Тура не вмешивался, да в этом и не было необходимости.
— Не знаю, как вам помочь. Он пока абсолютно неконтактен. В первые часы после пробуждения наркоман обычно проявляет благодушное спокойствие, с приближением абстиненции становится раздражительным, злобным…
— У вас ничего нет, чтобы его зацепить на разговор? — спросил Силач. — Ничего неизвестно? Может, у него есть ребенок? Мать, любимая женщина…
Нарколог раскрыл историю болезни, лежавшую наверху.
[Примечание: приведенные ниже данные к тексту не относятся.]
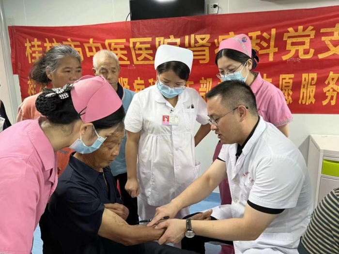 为庆祝第七个“中国医师节”,满足群众医疗需求,近日,桂林市中医医院肾病科专家团队赴恭城县中医院开展“关注血管通路,保护血透患者生命线”义诊活动。
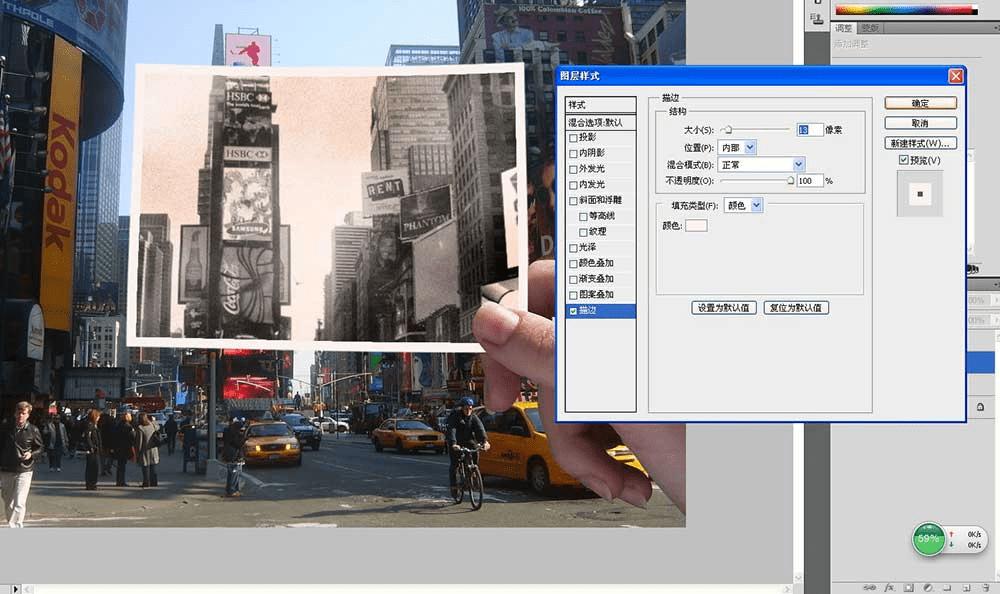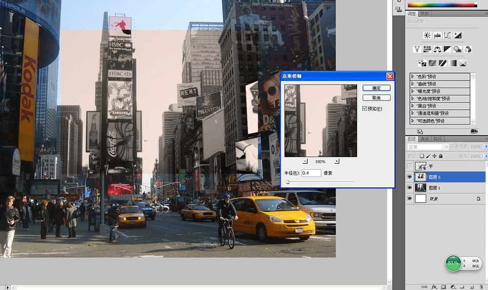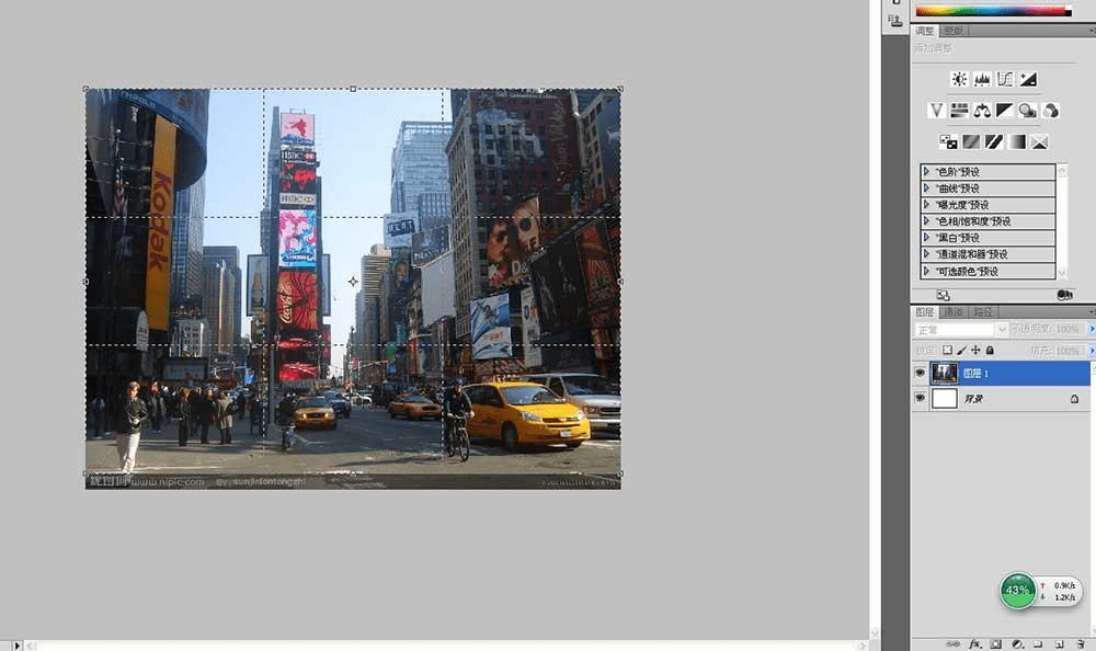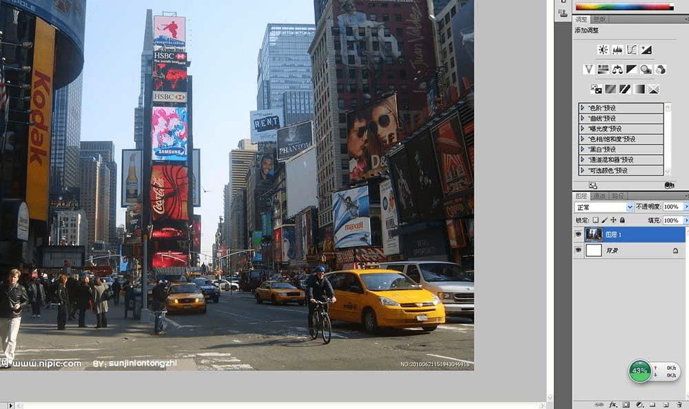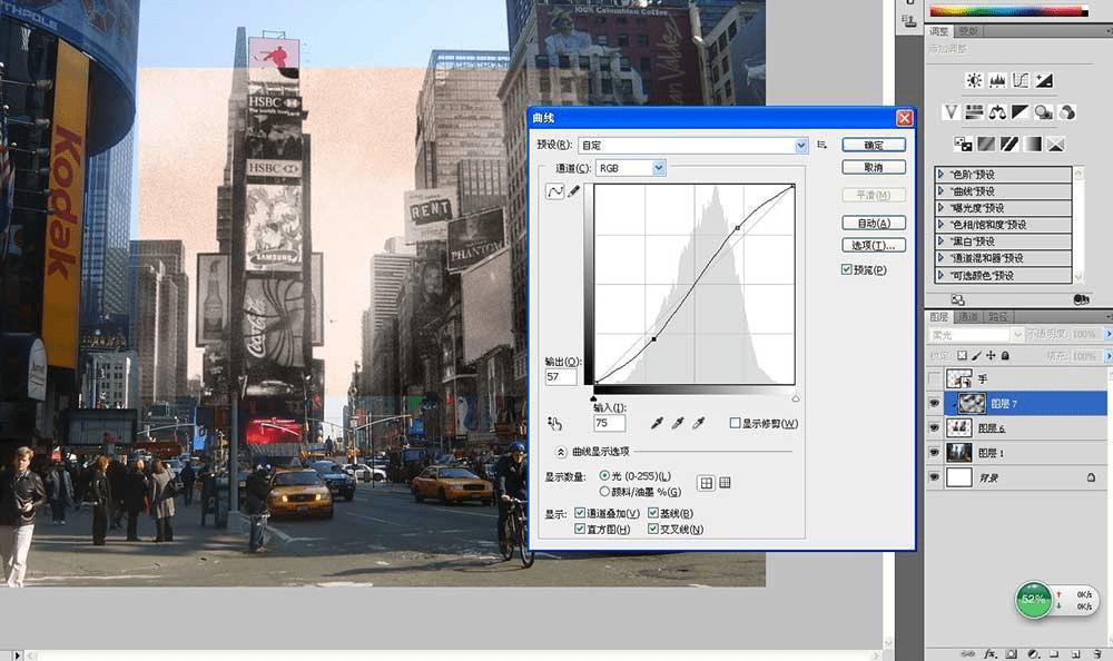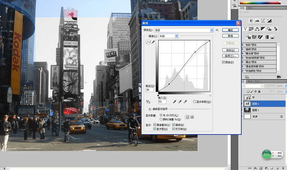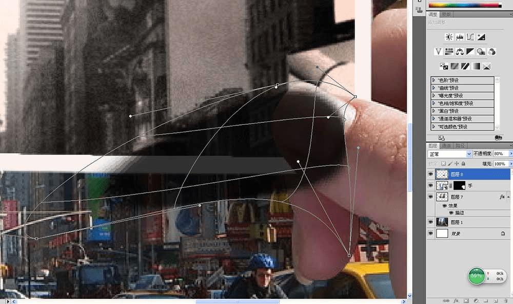 先把手隐藏,拉一个照片的选区。把时代广场ctrl+j一张出来~
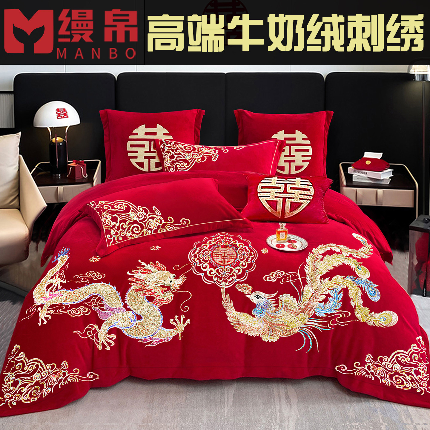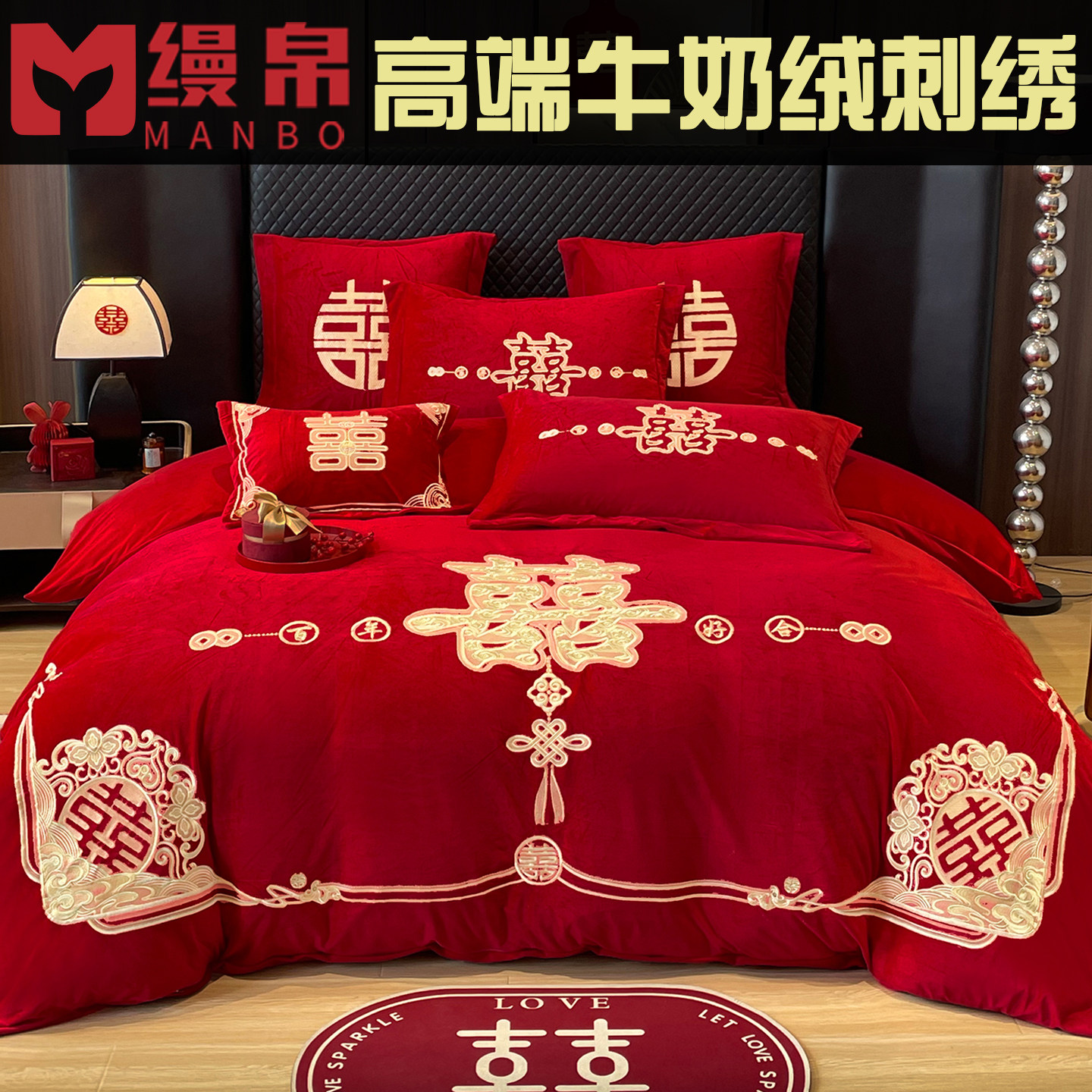 加厚牛奶绒大红色婚庆刺绣套件

— Так… «Неизвестный…» «Впоследствии оказался Бахадировым…» Проживает в Ташкенте. «Доставлен посторонним. Обнаружен у оросительного канала, в состоянии острого наркотического опьянения…» Так… «Лечение — дезинтоксикация, общеукрепляющая терапия, транквилизаторы, нейролептики…» «направлен в наркологическое отделение республиканской больницы…» «опийно-барбитуровая полинаркомания…»
— Вам не удалось поговорить с ним по душам?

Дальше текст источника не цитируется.